The second objective was to develop and demonstrate the proof-of-concept for an innovative,
smartphone-based application with the acronym RAPP-UP (Route Choice Application – University of
Pretoria), for collecting motorist route preference data in dense, congested urban road networks based
on real-time traffic conditions at the time of the trip. The author of this thesis designed and prepared
the specification for RAPP-UP, and an independent contractor was appointed to code the application
and make it available on the Google Play Store® for survey participants to download. RAPP-UP was
designed to achieve a better balance between external validity and analyst control. The third objective
was to use RAPP-UP to collect route preference data from a sample of commuters in Gauteng
Province, South Africa. The fourth objective was to estimate various types of discrete choice models to quantify different forms of route preference utility and estimate the associated willingness-to-pay
measures such as the commuter value of travel time.
RAPP-UP was designed for application in a self-validating survey context that included stated
preference (SP) and revealed preference (RP) components. A degree of analyst control was introduced
by allowing the analyst to factor the observed attribute levels before presentation to users in a predetermined
manner based on an unlabelled fractional factorial design. RAPP-UP’s innovation was its
ability to maximise external validity by generating two realistic alternative routes based on real-time
road network travel data between a user specified origin and destination, thereby anchoring the
experiment in a realistic and familiar setting. This innovation was enhanced by showing the route
alternatives on a detailed road map background to provide orientation for the trip origin and
destination locations, the routes themselves (highlighted on the road background), as well as the
utility attribute levels for each route in a choice set format. After trading-off the attribute levels for
each route, users were asked to choose their preferred route (SP component) and were then required to
drive their chosen route (self-validating RP component). The GPS function in the smartphone was
used to track the user to determine route adherence. An economic experiment was introduced by
deducting the toll cost of a chosen tolled route from a user survey account that was allocated to each
user at the commencement of the survey. The final survey account balance was paid to each user at
the end of the survey. As each trip is one observation, the use of RAPP-UP was required over several
days to obtain multiple observations from each user. RAPP-UP was designed to accommodate a
detailed form of utility expression that contained a disaggregated form of travel time that specified the
proportions of actual travel time (in minutes) in free-flow, slowed-down and stop-start travel
conditions. The trip petrol cost (in Rands), toll cost (in Rands) and the probability of on-time arrival at
the destination (in percent) were also included in the utility expression.

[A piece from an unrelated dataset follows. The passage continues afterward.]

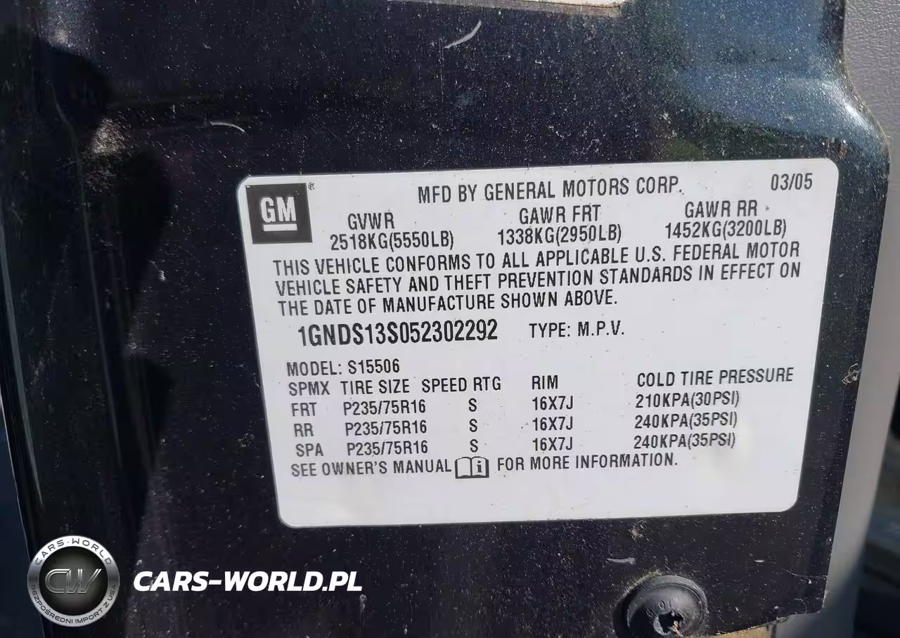 IAAI Nr: I-44669357 VIN: 1GNDS13S052302292 Port: Savannah, GA
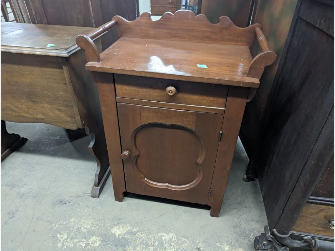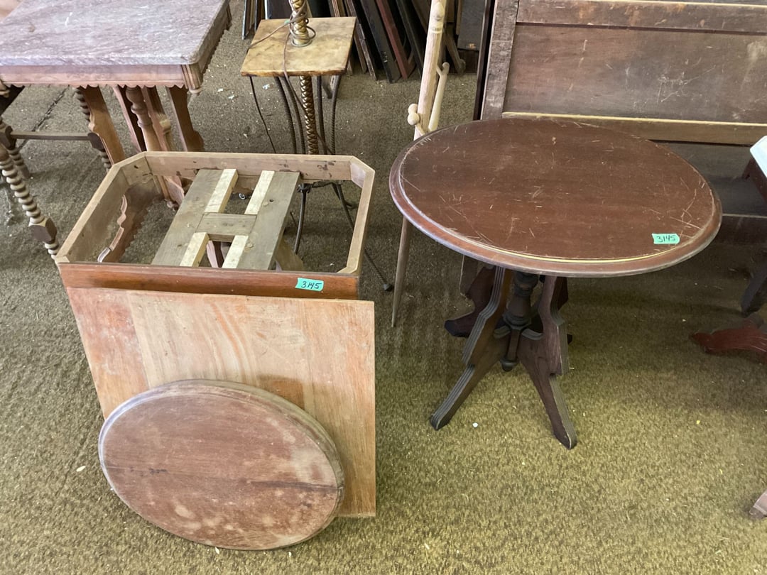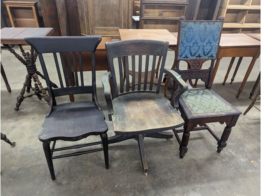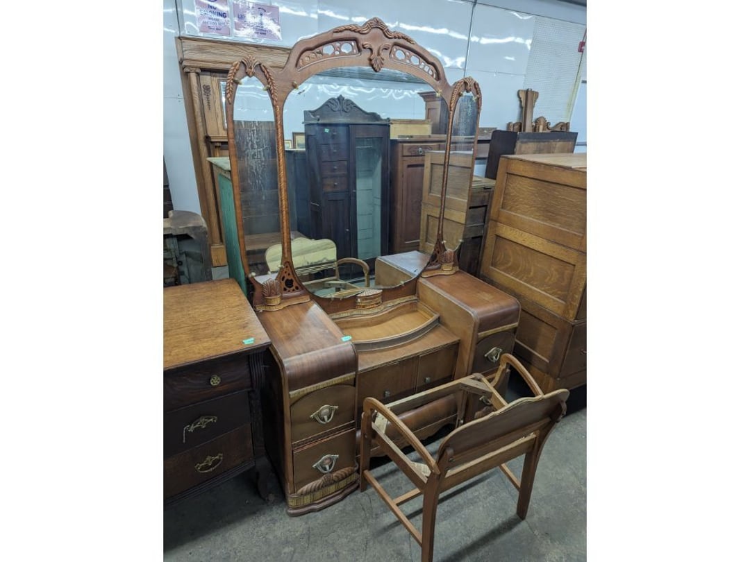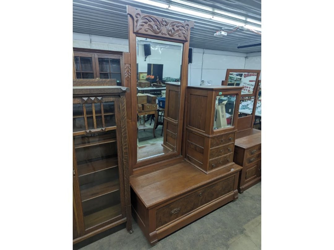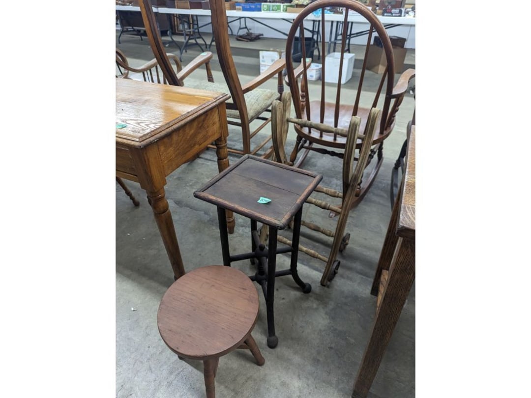 Stepback Kitchen Cabinet , 2 Door- 2 Drawer Oak Cabinet , Jelly Cupboard , Secretary Curio Cabinet- Original Finish, Buffet , Secretary Curio Cabinet- Original Finish, Oak Mantle with Mirror , Oak Mantle with Mirror , Oak Mantle, Oak Full Size Bed Frame , Walnut Queen Size Bed Frame- with Burl Inlay , Oak Full size Bed Frame , Floor Lamp with Marble , Floor Lamp with Marble , Floor Lamp with Marble , Table Lamp with Marble, "Brass" Coat Rack , 4 Drawer Oak Filing Cabinet , 4 Drawer Oak Filing Cabinet , 4 Drawer Oak Filing Cabinet , 4 Drawer Oak Filing Cabinet , 2 Drawer Oak Filing Cabinet , Oak Dresser with Mirror and glove boxes , Oak Secretary Cabinet, Oak Book Case with Glass Door , Oak Ice Box , Oak Ice Box-Painted , RCA Victor Console Radio , Oak Dresser with Mirror, Buffet (Missing Drawers and top), Secretary Curio Cabinet- Missing Parts/Mirror , Wash Stand , Oak Showcase with Glass Top , Oak Showcase with Glass Top , Kitchen Cupboard with spooning , Sliding Door Glass Display Case , 4 Drawer Dresser with Mirror, Buffet Top Piece , 4 Drawer Dresser with no mirror , Waterfall Make-up Vanity w/broken chair , 9 Drawer Oak Filing Cabinet on Pedestal, Secretary, 2 Door Oak Bookcase , Paneled Writing Desk , Kichen Cupboard , Room Divider with Vintage Rugs , Blanket Box , Vanity Dresser with Hat Box , Vintage Kitchen Cupboard with Dry Sink , Corner China Cabinet (3 pieces of glass broken), Oak Pie/Jelly Cubboard , China Cabinet w/Drawers , Wood Blanket Box , Lamp Table w/hidden storage , Wash Stand , Buffet with Mirror , Writing Desk/China Cupboard, Wash Stand , Marble Top Fern Table , Marble Top Fern Table , Marble Top Fern Table , Marble Top End Table , Sofa Table , End Table , Misc Piece (Hat Box), Misc Piece (Hat Box), Oak Easel , 2 Oak Easel , 2 Easels , 2 Hall Trees , 2 Hall Trees , 2 Hall Trees with no hooks , Cast Iron Fern Stand , 2 Pedestal Library Parlor Table , 2 Pedestal Library Parlor Table , 2 Drawer/1 Door Cabinet , Walnut Knee Hole Desk , Dropleaf Tabl e, Butter Churn with broken handle and no bottom , Bed Stool , Writing Desk -Broken , Cabinet , Dressing Screen , Oak Corner Dresser (missing mirror) , Globe-Wernicke Sectional Bookcase , Glass Door Bookcase , 4 Section Stacking Bookcase , Bookcase , Mission Oak Curio/Bookcase Cabinet , Walnut Vanity with Hat Box and Burled Inserts, Wash Stand with mirror and towel bar- Burl drawer fronts , Fern Table , Fern Table , Desk, Dropleaf Cabinet , Small Fern Stand , Small End Table with Drawer , Small Fern Stand, Small Stool and Hi-chair base , Child Desk , Fern Table , Sewing Machine Cabinet w/NO sewing machine , Nail Keg, Lamp Table with drawer , Lamp Table with drawer , Lamp Table , Fern Table , 2 Drawer End Table , Fern Table , Dropleaf End table with 2 drawers, Fern Table , Child Desk with Stool , Fern Table , Writing Desk with Chair , 2- Pedestal Fern Stands, Pedestal Fern Stand and "Duncan Phyfe" Table , 2 Pedestal Fern Stands , Serving Table-wheels do not match , Jenny Lynn Style Fern Table , Piano Bench , x2 Piano Benches, Mission Style Desk , Insert for desk, vintage sitting bench,, Church pew hymnal holders, Church pew hymnal holders, Church pew hymnal holders, 3 Various size shelving, 2 Chairs, 2 Cane Bottom Chairs, 2 Chairs, Buffet top, Antique Upholstered Chair, 4 Wood Dining Chairs, 4 Wood Dining Chairs, Pair of Antique Upholstered Chairs, 6 Childrens Chairs, Antique Chair w/ Glass Ball & Claw Feet, 3 Antique Chairs, 2 Chairs, Cane Bottom Bench, Antique Chair, Rocking Chair, Rocking Chair, Rocking Chair, Rocking Chair, Rocking Chair, High Chair, Antique Oval Table, Antique Side Table, Buffett Top Cabinet , 2 Cast Iron Treadle Sewing Machine Bases, Plate shelf, Hanging corner shelf, Hanging corner shelf, Antique Oak Hat/Coat Rack 23"x23", Antique Media display rack, Antique Spooned Mantle Clock Shelf w/Mirror, Antique rope bed w/ Cannon Balls, Ornate wall mirror, Antique child's / hired hand bed, Vintage Stained glass window, Antique "Brass" Full size bed, Antique Iron Toddler Bed w/sides, Antique "Oak" full size bed frame, Antique "Brass " Twin Bed, Antique Lawyers Book Case - needs restored, Antique 58" Roll Top Desk, Antique hardware store parts bins, Antique revolving bookcase, Antique oak office chair with casters, Danner Revolving bookcase 1876 Walnut, Antique Leather bottom Rocker & Yellow Parlor, Antique doll chair, child's rocking chair, Antique wood Highchair - needs repair , 7 Vintage dining room chairs, Vintage dressing bench and stool, 2 Vintage chairs, 5 antique Plank bottom chairs, 3 Press back chairs , 1 child's booster chair , 2 Vintage chairs and stool, 3 Antique kitchen chairs, 2 Antique chairs, Unique antique chair, Antique entryway bench with storage, 2 Unique chairs, 2 Vintage plank bottom chairs, Antique shadow box & Wood file cabinet base, 5 vintage child's chairs, 2 Vintage rockers – needs repair, Vintage plank bottom rocker & Cane rocker, 4 Vintage press back chairs, Vintage machinist chest, Antique Coffee table " Marble" top, Vintage side table - broken leg, Table leaves( 2) 8" x 48", Vintage wash stand 35 x 19 , Dining room table 46" x 52" (veneer loose), Vintage wood ironing board, 5 Dining room table legs 23 inches long, Two vintage table bases, Vintage full size spool bed w/rails, Vintage medicine cabinet with towel bar 19" x 24", Vintage medicine cabinet with towel bar, Vintage medicine cabinet with Tower bar, Vintage medicine cabinet, Vintage medicine cabinet, Vintage medicine cabinet, Vintage hanging hat box With shelf, Vintage child's wooden seat with drawer, Vintage wall mirror, Bookcase or China cabinet doors, , , , , Chair - needs reupholstered, Ice Cream Parlor Chairs & Small Table , Vintage 7' Misson Style Sofa, Ice Cream Parlor Chairs & Small Table , Vintage Oval Dropleaf Table , Vintage 5 Leg Table , Vintage Round Pedestal Table , Vintage Expandable Drop Leaf Table , Vintage 42" Round Pedestal Table, Vintage LibraryTable, Vintage Table , Vintage 48" Round Table , Vintage Sq

To illustrate proof-of-concept, a small sample of car commuters in the Gauteng Province of South
Africa was recruited to participate in a route choice survey using RAPP-UP. The road network in the
urban areas of Gauteng Province is dense and congested in the weekday peak periods, and the
motorways are tolled. The route preference data of the sample of commuters provided the basis for the
estimation of various forms of discrete route choice models. The models confirmed that the attribute
coefficients for each category of travel time were significant, thereby corroborating international
evidence. The congestion multipliers, i.e., the ratios of the travel time attribute coefficients for each
trip time category, were within the ranges determined in international studies. The petrol cost, toll cost
and probability of on-time arrival attribute coefficients were also significant. A toll road quality bonus
representing the unobserved factors of utility was introduced as a dummy utility attribute for routes
with tolled sections. The attribute coefficient had a negative sign, revealing that the survey
participants associated a disutility for routes with tolled sections for the unobserved factors of utility. All the objectives of the research were achieved. The research not only added to the body of literature
on the topic of route choice behaviour in urban areas, but also provided insights into the practicalities
of route choice data collection and model estimation.